SOURCE DATA →
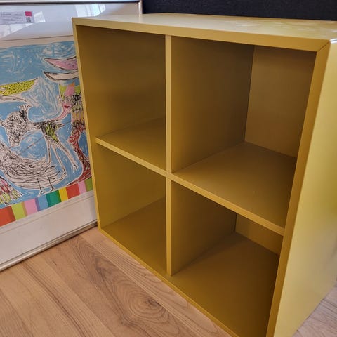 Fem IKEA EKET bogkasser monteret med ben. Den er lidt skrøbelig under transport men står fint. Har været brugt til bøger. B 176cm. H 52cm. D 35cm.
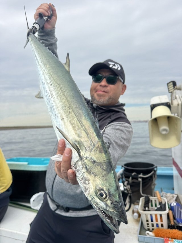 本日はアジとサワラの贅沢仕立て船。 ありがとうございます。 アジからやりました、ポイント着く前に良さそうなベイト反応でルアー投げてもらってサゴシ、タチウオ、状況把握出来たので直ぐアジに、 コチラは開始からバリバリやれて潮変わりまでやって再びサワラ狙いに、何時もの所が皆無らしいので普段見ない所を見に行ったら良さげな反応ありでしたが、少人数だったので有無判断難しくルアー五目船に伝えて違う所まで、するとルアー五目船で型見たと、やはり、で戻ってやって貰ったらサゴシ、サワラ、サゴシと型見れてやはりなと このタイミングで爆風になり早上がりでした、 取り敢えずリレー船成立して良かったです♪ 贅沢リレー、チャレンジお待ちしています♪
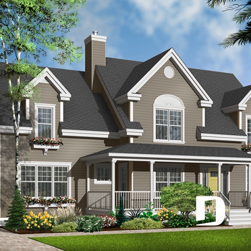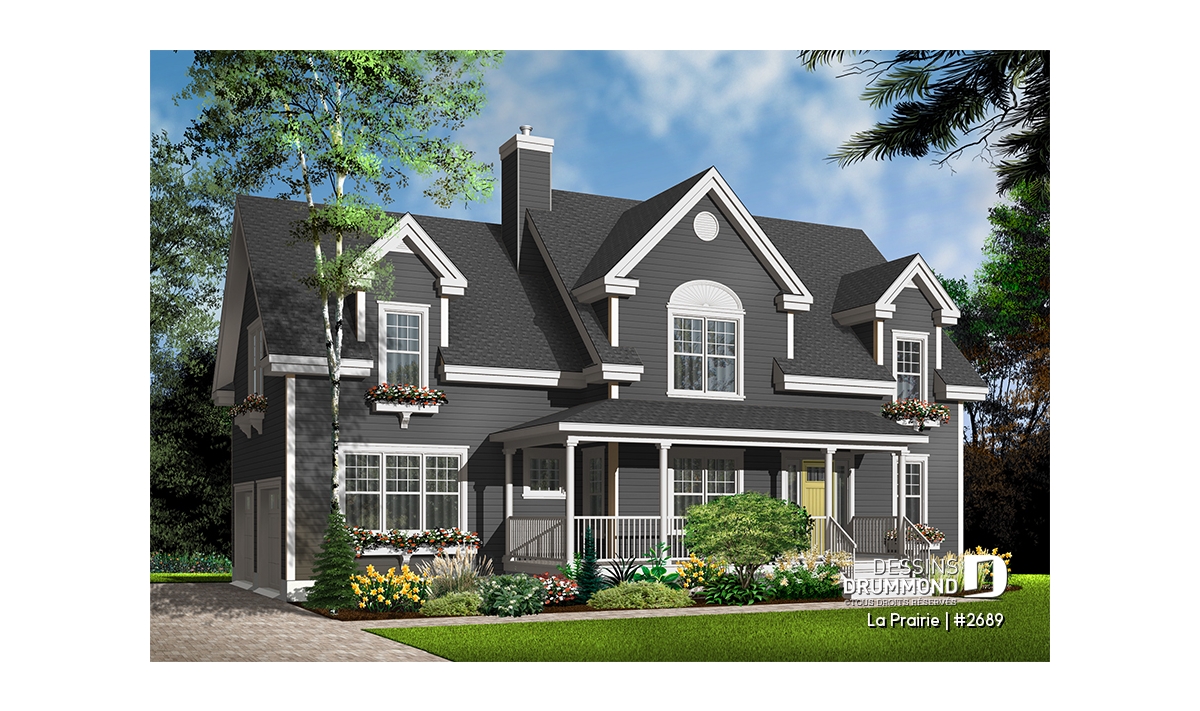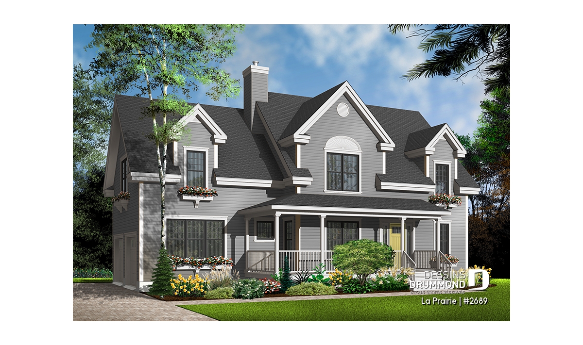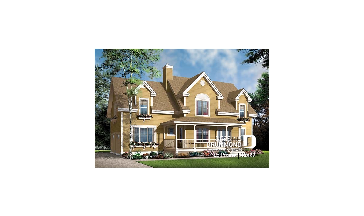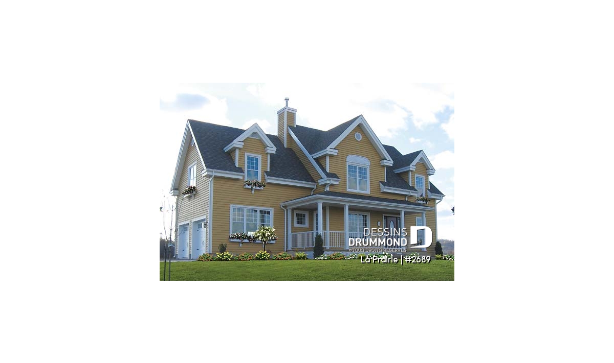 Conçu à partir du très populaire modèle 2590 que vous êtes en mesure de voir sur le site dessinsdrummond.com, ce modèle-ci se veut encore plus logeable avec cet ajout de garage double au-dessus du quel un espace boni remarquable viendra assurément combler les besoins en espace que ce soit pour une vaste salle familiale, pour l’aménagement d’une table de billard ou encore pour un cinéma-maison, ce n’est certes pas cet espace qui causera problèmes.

WHAT IS NEEDED →
Everything in the material must be duplicated exactly, except the pictures.

RESPONSE AREA →
 Fem IKEA EKET bogkasser monteret med ben. Den er lidt skrøbelig under transport men står fint. Har været brugt til bøger. B 176cm. H 52cm. D 35cm.
 本日はアジとサワラの贅沢仕立て船。 ありがとうございます。 アジからやりました、ポイント着く前に良さそうなベイト反応でルアー投げてもらってサゴシ、タチウオ、状況把握出来たので直ぐアジに、 コチラは開始からバリバリやれて潮変わりまでやって再びサワラ狙いに、何時もの所が皆無らしいので普段見ない所を見に行ったら良さげな反応ありでしたが、少人数だったので有無判断難しくルアー五目船に伝えて違う所まで、するとルアー五目船で型見たと、やはり、で戻ってやって貰ったらサゴシ、サワラ、サゴシと型見れてやはりなと このタイミングで爆風になり早上がりでした、 取り敢えずリレー船成立して良かったです♪ 贅沢リレー、チャレンジお待ちしています♪
 Conçu à partir du très populaire modèle 2590 que vous êtes en mesure de voir sur le site dessinsdrummond.com, ce modèle-ci se veut encore plus logeable avec cet ajout de garage double au-dessus du quel un espace boni remarquable viendra assurément combler les besoins en espace que ce soit pour une vaste salle familiale, pour l’aménagement d’une table de billard ou encore pour un cinéma-maison, ce n’est certes pas cet espace qui causera problèmes.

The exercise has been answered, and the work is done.